Personal information
- Full name: Isaac Wagoina
- Date of birth: 2 February 2000
- Position: Forward

Team information
- Current team: Express FC

Senior career*
- Years: Team / Apps / (Gls)
- 2021–2022: Busoga United
- 2023: Busei United
- 2023–2024: Express FC / 29 / (14)
- 2024–2026: BUL FC / 17 / (3)
- 2026–: Express FC

= Isaac Wagoina =

Ugandan footballer

Isaac Wagoina (born 2 February 2000) is a Ugandan professional footballer who plays as a forward for Uganda Premier League club Express FC

== Early life ==
Wagoina previously played for Busei United, Busoga United FC and Iganga Young before joining Express FC.

== Club career ==
Wagoina joined Busoga United from Iganga Young in February 2021 on a one-and-a-half-year contract. He scored his first goal for Busoga United in a Uganda Cup match against Vipers SC in April 2021.

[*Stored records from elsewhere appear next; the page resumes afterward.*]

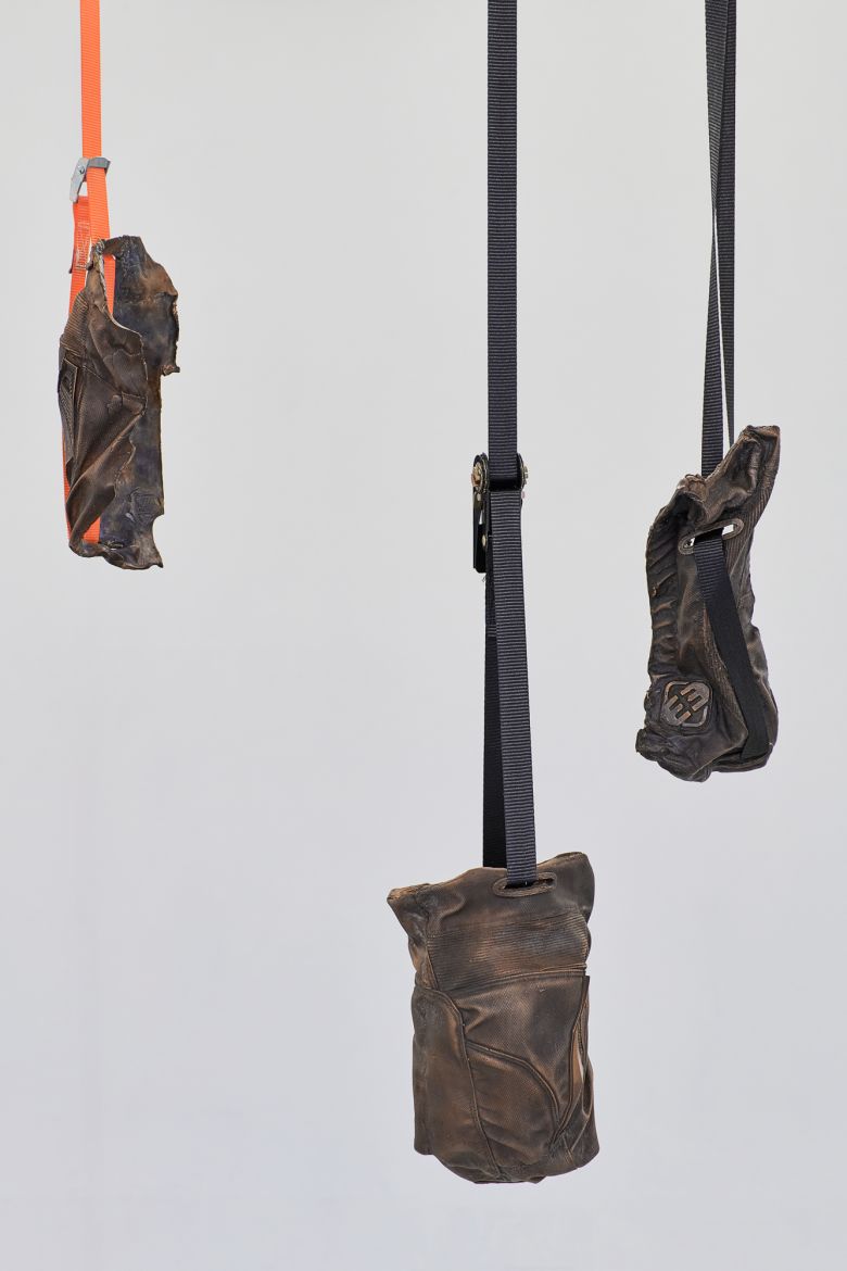 Pendant sa résidence à la Fonderia Artistica Battaglia, Julie Kieffer a réalisé 5 sculptures, à partir de vêtements techniques utilisés dans le motocross. Les sculptures en bronze et les cires colorées prennent l’empreinte de la trame du tissage et la forme d’articulations. Genoux, hanches et coudes sont les charnières du corps du pilote, celles qui prennent cher, qui amortissent les tensions du corps qui se contracte sur l’engin.
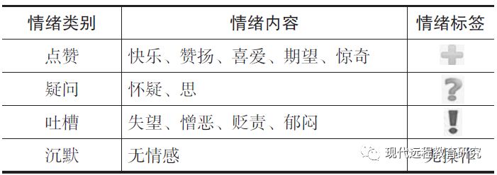 情绪标签设置主要参考徐琳宏等人提出的情感分类树,并根据在线课程学习特点对其进行修订。徐琳宏等人将人类情感划分为乐(快乐、安心)、好(赞扬、相信、尊敬、喜爱、感动、期望)、怒(愤怒)、哀(悲哀、失望、疚、思)、惊(惊奇)、恶(羞、郁闷、贬责、憎恶、妒忌、怀疑)、惧(慌、恐惧)、无情感等8种类别(徐琳宏等,2008)。网络情境中学习者的学习情绪不同于一般的人类情感,其情绪活动大致可分为点赞、疑问、吐槽、沉默四类。其中,“点赞”对应情感分类树中“乐”“好”和“惊”的部分内容;“疑问”对应情感分类树中“哀”和“恶”的部分内容;“吐槽”对应情感分类树中“哀”“恶”和“怒”的部分内容;“沉默”对应情感分类树中“无情感”的内容。为便于实际操作,本研究对学习者学习情绪进行了可视化设计,通过不同的情绪标签图标来表征其情绪内容,如表5所示。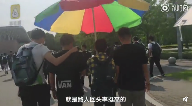 对于这四位小男生的行为,小编表示十二分的理解, 太热了就打伞呀,还分什么男女生。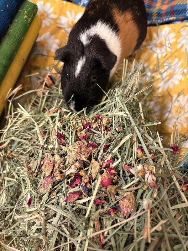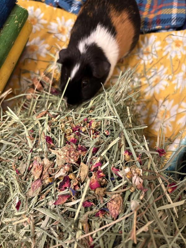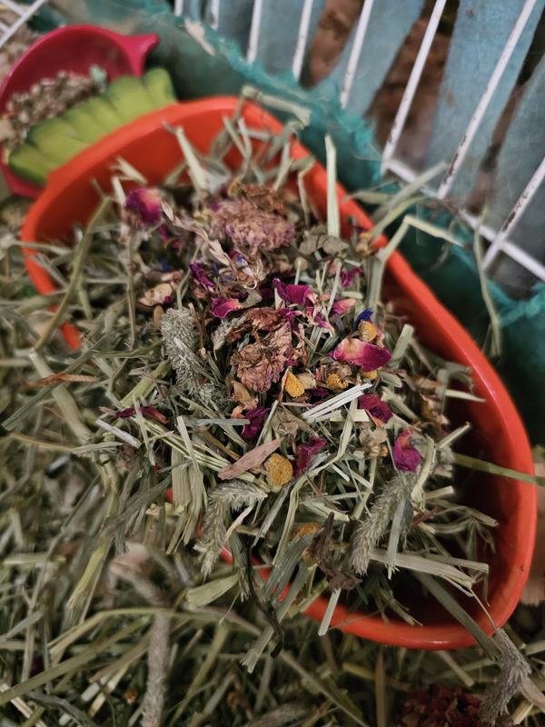 This dried flowers and herbs mix smells amazing and my girls love it. I sprinkled it on their food and also in their hay box. My only disappointment was the small amount in the bag. It's just for a treat, but I still think bigger bag options would be great

Wagoina joined Express FC for the 2023/2024 season. He scored 14 goals and provided three assists in 29 league appearances. He finished joint-second in the league's scoring standings with Denis Omedi, behind Shaban Muhammad, who scored 17 goals.

In July 2024, Wagoina joined BUL FC on a two-year contract. During the 2024/2025 Uganda Premier League season, he made 17 appearances and scored three goals for BUL FC.

In January 2025, Wagoina scored twice against Lugazi FC in a Uganda Premier League match. In March 2025, he scored twice in BUL's FC 7–0 Uganda Cup victory over Total FC. On 6 March 2026, Wagoina scored a hat-trick in BUL's 5–1 Uganda Premier League victory over Calvary FC. After his contract with BUL FC expired, Wagoina returned to Express FC in August 2026 on a two-year contract.

== International career ==
Wagoina represented Busoga Province in the FUFA Drum. During the 2023 competition, he scored against West Nile and was named Man of the Match.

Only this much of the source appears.